EMPOWERgmatRichC wrote:

mtk10 wrote:

I understand this can be done by picking numbers and testing them out.

But can someone clarify this concept. It is said every 2 numbers, atleast one number is divisible by 2, for every 3 number atleast one number is divisble by 3. and so on so forth . Using this concept. Should the answer not be E?

It says consecutive six integers? so by the concept the factors should include 6 ,4 and 3.

I am sure i am making a very stupid mistake here. Kindly correct me where i am wrong.

Hi mtk10,

You're "mixing" two different ideas that are NOT logically linked.

When dealing with 2 consecutive integers, ONE of the integers will be evenly divisible by 2. When dealing with 3 consecutive integers, ONE of the integers will be evenly divisible by 3 and AT LEAST ONE will be evenly divisible by 2. When dealing with 4 consecutive integers, ONE of the integers will be evenly divisible by 4, TWO of the integers will be evenly divisible by 2 and AT LEAST ONE of the integers will be evenly divisible by 3. Etc.

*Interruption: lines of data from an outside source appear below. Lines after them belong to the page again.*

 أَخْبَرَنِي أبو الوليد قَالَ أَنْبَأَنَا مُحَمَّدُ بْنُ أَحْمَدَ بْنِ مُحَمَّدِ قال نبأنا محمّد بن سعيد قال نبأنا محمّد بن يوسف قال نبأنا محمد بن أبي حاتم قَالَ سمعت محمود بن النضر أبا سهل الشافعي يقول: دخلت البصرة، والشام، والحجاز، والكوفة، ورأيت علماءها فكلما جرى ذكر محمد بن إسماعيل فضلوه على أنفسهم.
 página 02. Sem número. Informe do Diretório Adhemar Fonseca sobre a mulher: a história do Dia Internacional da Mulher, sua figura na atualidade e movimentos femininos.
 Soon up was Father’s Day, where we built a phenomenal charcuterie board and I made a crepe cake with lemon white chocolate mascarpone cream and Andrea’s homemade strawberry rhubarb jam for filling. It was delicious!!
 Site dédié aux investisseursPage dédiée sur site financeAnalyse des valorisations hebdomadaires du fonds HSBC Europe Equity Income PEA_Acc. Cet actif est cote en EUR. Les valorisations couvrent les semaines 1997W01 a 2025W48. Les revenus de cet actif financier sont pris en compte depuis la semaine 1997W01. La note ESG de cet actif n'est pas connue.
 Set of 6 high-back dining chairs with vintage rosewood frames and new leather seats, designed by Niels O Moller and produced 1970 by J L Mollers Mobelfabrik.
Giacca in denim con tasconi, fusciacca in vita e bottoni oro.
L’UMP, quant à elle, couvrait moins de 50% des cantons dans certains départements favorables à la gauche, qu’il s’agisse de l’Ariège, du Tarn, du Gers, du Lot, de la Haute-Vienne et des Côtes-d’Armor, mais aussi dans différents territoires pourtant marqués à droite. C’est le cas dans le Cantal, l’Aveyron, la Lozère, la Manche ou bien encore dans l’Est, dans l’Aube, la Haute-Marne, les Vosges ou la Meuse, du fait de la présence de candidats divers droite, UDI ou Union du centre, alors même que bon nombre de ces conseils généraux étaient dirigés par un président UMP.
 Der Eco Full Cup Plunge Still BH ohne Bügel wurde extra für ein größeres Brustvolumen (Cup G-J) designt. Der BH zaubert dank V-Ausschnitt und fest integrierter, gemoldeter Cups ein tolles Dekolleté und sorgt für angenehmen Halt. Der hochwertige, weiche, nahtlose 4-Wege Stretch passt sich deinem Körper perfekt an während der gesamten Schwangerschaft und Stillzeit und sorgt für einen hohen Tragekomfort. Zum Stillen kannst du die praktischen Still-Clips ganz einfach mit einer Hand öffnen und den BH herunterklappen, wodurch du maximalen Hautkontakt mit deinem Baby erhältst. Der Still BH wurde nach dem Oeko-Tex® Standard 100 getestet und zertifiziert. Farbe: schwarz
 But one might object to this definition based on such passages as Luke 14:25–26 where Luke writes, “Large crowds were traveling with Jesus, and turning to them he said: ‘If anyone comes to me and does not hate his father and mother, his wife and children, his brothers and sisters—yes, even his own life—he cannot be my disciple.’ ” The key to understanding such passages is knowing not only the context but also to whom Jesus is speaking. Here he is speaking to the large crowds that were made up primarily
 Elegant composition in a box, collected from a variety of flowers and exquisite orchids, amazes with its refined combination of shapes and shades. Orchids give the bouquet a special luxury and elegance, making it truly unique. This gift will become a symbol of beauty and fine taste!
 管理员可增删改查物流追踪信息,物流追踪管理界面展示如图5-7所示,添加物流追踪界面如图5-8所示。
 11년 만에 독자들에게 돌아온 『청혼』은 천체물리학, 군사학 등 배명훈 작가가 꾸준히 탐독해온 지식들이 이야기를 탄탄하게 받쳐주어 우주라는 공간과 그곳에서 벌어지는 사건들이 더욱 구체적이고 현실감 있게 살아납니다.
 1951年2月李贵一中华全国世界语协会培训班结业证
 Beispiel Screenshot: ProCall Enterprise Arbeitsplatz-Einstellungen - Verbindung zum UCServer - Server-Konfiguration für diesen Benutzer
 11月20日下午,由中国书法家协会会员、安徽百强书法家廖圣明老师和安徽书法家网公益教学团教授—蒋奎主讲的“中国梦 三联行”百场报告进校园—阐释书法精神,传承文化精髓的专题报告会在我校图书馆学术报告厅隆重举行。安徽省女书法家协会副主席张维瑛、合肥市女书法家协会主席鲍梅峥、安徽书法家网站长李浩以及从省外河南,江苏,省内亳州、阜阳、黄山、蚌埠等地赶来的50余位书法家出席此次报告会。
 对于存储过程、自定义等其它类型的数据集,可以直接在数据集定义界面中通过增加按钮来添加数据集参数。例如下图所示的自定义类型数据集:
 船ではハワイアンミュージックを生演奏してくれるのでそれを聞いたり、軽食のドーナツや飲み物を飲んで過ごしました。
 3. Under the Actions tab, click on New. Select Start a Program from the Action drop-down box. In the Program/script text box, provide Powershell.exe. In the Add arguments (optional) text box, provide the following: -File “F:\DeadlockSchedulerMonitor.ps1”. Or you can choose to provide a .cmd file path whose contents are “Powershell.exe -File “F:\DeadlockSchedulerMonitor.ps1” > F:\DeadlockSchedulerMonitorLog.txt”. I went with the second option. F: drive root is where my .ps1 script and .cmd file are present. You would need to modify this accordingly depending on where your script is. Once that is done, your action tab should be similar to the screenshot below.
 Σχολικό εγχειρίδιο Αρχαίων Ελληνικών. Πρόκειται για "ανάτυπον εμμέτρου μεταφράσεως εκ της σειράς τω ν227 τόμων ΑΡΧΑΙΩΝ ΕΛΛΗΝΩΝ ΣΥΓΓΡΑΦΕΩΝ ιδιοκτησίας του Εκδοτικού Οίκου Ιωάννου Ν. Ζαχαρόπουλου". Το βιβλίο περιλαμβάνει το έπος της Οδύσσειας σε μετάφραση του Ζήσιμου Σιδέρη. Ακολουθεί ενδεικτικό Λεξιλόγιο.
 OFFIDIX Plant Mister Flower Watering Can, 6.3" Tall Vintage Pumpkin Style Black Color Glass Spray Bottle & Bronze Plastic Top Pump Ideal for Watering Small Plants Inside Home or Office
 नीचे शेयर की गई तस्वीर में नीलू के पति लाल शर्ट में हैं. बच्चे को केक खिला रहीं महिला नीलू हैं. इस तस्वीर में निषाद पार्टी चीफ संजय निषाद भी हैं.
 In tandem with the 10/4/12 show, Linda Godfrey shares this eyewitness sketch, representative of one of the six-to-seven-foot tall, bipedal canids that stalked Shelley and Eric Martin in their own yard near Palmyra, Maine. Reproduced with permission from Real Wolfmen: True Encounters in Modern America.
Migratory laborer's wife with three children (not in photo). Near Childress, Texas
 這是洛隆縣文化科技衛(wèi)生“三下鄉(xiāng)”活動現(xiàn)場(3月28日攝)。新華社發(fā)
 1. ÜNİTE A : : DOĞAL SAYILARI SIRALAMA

However, this question is asking about the SUM of six consecutive integers - and that is a different concept entirely. The concept involved here is "the SUM of ANY 3 consecutive integers will be evenly divisible by 3", so since we're dealing with six consecutive integers, we're dealing with two 'groups' of 3 consecutive integers - so that SUM will also be evenly divisible by 3.

GMAT assassins aren't born, they're made, Rich

Thank you and all other experts for such prompt replies

And yes i got to this conclusion the second i made the post lol. That its asking about SUM not the integers.